» **Aim of the exercise**
Please copy all of the entries exactly, but drop every picture.

==== Data supplied

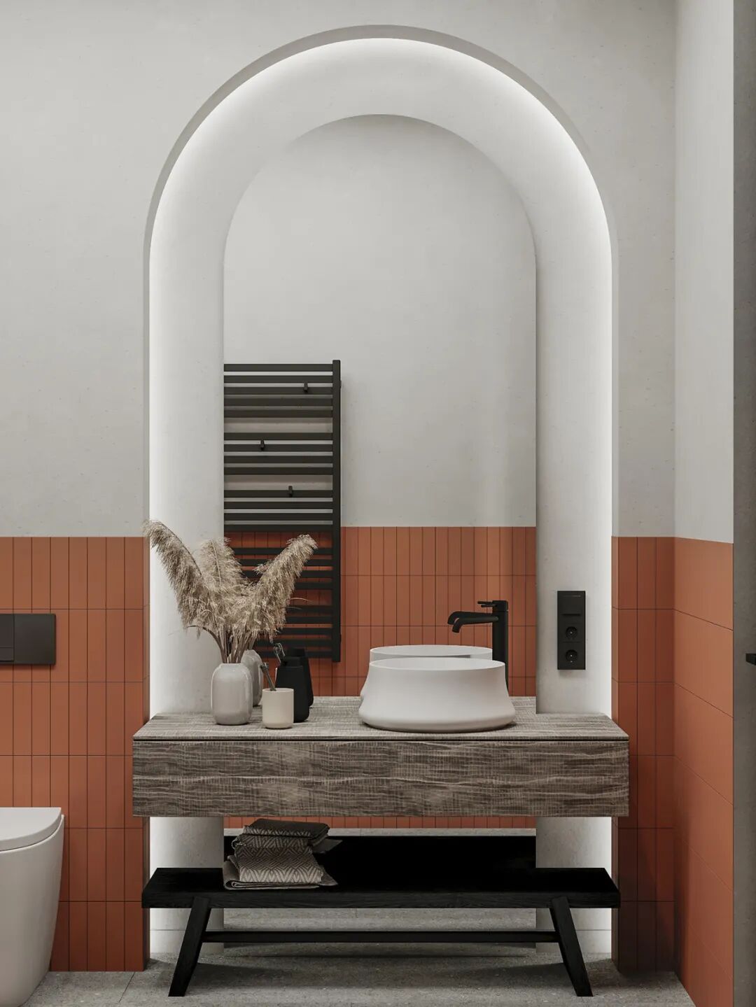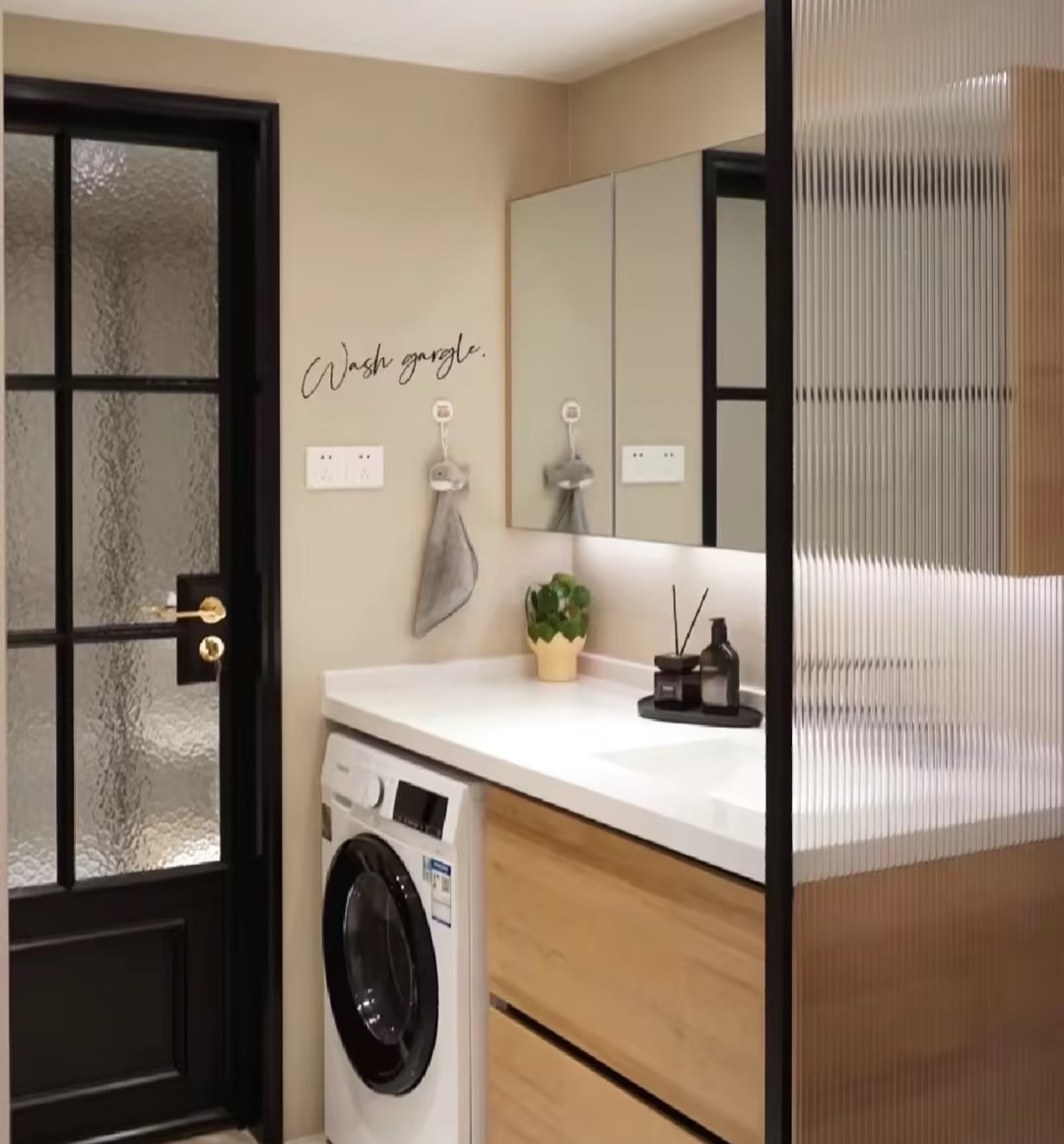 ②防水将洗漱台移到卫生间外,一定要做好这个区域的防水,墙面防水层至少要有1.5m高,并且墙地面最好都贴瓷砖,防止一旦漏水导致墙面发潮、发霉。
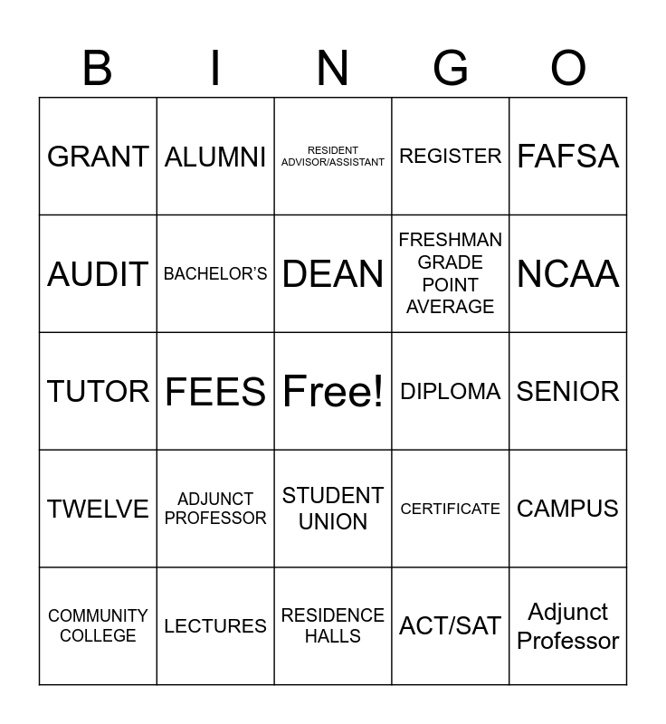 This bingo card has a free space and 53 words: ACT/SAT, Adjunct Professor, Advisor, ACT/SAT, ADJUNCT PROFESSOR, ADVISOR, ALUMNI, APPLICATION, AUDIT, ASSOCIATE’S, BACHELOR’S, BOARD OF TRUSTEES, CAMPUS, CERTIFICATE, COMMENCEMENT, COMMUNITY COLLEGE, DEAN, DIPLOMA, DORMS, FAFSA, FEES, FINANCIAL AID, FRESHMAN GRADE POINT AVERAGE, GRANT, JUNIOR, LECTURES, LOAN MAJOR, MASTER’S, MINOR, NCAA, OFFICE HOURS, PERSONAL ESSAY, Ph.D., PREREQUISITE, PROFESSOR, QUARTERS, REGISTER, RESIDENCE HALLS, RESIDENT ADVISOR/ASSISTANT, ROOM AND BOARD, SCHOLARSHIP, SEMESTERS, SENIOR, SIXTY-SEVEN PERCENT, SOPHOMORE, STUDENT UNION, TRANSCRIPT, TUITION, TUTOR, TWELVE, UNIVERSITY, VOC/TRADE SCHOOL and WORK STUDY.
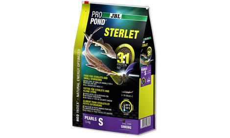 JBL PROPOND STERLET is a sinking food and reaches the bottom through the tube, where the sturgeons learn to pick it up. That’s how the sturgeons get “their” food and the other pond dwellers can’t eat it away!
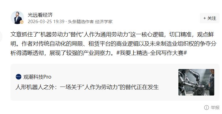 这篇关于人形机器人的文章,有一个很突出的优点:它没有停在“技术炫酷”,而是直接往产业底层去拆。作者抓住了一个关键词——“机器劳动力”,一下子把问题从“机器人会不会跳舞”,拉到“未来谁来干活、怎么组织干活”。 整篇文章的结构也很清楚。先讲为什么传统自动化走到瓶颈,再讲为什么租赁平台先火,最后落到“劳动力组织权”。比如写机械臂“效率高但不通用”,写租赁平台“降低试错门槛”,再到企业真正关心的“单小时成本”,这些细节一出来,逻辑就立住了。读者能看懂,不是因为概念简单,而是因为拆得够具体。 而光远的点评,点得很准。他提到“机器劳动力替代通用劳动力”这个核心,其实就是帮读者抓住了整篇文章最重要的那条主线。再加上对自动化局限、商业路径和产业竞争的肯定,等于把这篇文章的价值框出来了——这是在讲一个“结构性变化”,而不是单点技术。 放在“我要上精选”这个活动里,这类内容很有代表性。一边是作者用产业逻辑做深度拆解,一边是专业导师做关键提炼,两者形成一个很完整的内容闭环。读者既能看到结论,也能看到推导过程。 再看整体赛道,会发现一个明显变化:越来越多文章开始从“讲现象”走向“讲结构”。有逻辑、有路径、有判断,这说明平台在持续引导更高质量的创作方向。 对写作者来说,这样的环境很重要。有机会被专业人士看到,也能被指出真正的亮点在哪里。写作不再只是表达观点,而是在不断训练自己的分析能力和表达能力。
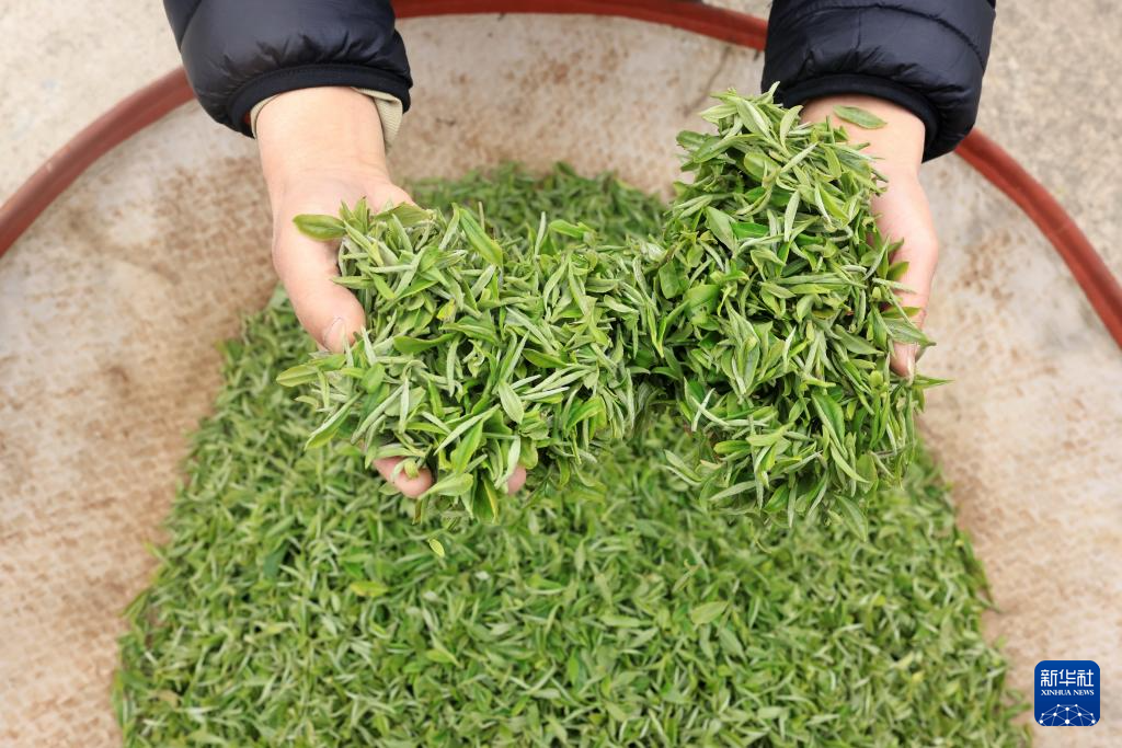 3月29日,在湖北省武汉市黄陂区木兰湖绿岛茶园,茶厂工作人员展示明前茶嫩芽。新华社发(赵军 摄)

========

» **Answer to this exercise**
 ②防水将洗漱台移到卫生间外,一定要做好这个区域的防水,墙面防水层至少要有1.5m高,并且墙地面最好都贴瓷砖,防止一旦漏水导致墙面发潮、发霉。
 This bingo card has a free space and 53 words: ACT/SAT, Adjunct Professor, Advisor, ACT/SAT, ADJUNCT PROFESSOR, ADVISOR, ALUMNI, APPLICATION, AUDIT, ASSOCIATE’S, BACHELOR’S, BOARD OF TRUSTEES, CAMPUS, CERTIFICATE, COMMENCEMENT, COMMUNITY COLLEGE, DEAN, DIPLOMA, DORMS, FAFSA, FEES, FINANCIAL AID, FRESHMAN GRADE POINT AVERAGE, GRANT, JUNIOR, LECTURES, LOAN MAJOR, MASTER’S, MINOR, NCAA, OFFICE HOURS, PERSONAL ESSAY, Ph.D., PREREQUISITE, PROFESSOR, QUARTERS, REGISTER, RESIDENCE HALLS, RESIDENT ADVISOR/ASSISTANT, ROOM AND BOARD, SCHOLARSHIP, SEMESTERS, SENIOR, SIXTY-SEVEN PERCENT, SOPHOMORE, STUDENT UNION, TRANSCRIPT, TUITION, TUTOR, TWELVE, UNIVERSITY, VOC/TRADE SCHOOL and WORK STUDY.
 JBL PROPOND STERLET is a sinking food and reaches the bottom through the tube, where the sturgeons learn to pick it up. That’s how the sturgeons get “their” food and the other pond dwellers can’t eat it away!
 这篇关于人形机器人的文章,有一个很突出的优点:它没有停在“技术炫酷”,而是直接往产业底层去拆。作者抓住了一个关键词——“机器劳动力”,一下子把问题从“机器人会不会跳舞”,拉到“未来谁来干活、怎么组织干活”。 整篇文章的结构也很清楚。先讲为什么传统自动化走到瓶颈,再讲为什么租赁平台先火,最后落到“劳动力组织权”。比如写机械臂“效率高但不通用”,写租赁平台“降低试错门槛”,再到企业真正关心的“单小时成本”,这些细节一出来,逻辑就立住了。读者能看懂,不是因为概念简单,而是因为拆得够具体。 而光远的点评,点得很准。他提到“机器劳动力替代通用劳动力”这个核心,其实就是帮读者抓住了整篇文章最重要的那条主线。再加上对自动化局限、商业路径和产业竞争的肯定,等于把这篇文章的价值框出来了——这是在讲一个“结构性变化”,而不是单点技术。 放在“我要上精选”这个活动里,这类内容很有代表性。一边是作者用产业逻辑做深度拆解,一边是专业导师做关键提炼,两者形成一个很完整的内容闭环。读者既能看到结论,也能看到推导过程。 再看整体赛道,会发现一个明显变化:越来越多文章开始从“讲现象”走向“讲结构”。有逻辑、有路径、有判断,这说明平台在持续引导更高质量的创作方向。 对写作者来说,这样的环境很重要。有机会被专业人士看到,也能被指出真正的亮点在哪里。写作不再只是表达观点,而是在不断训练自己的分析能力和表达能力。
 3月29日,在湖北省武汉市黄陂区木兰湖绿岛茶园,茶厂工作人员展示明前茶嫩芽。新华社发(赵军 摄)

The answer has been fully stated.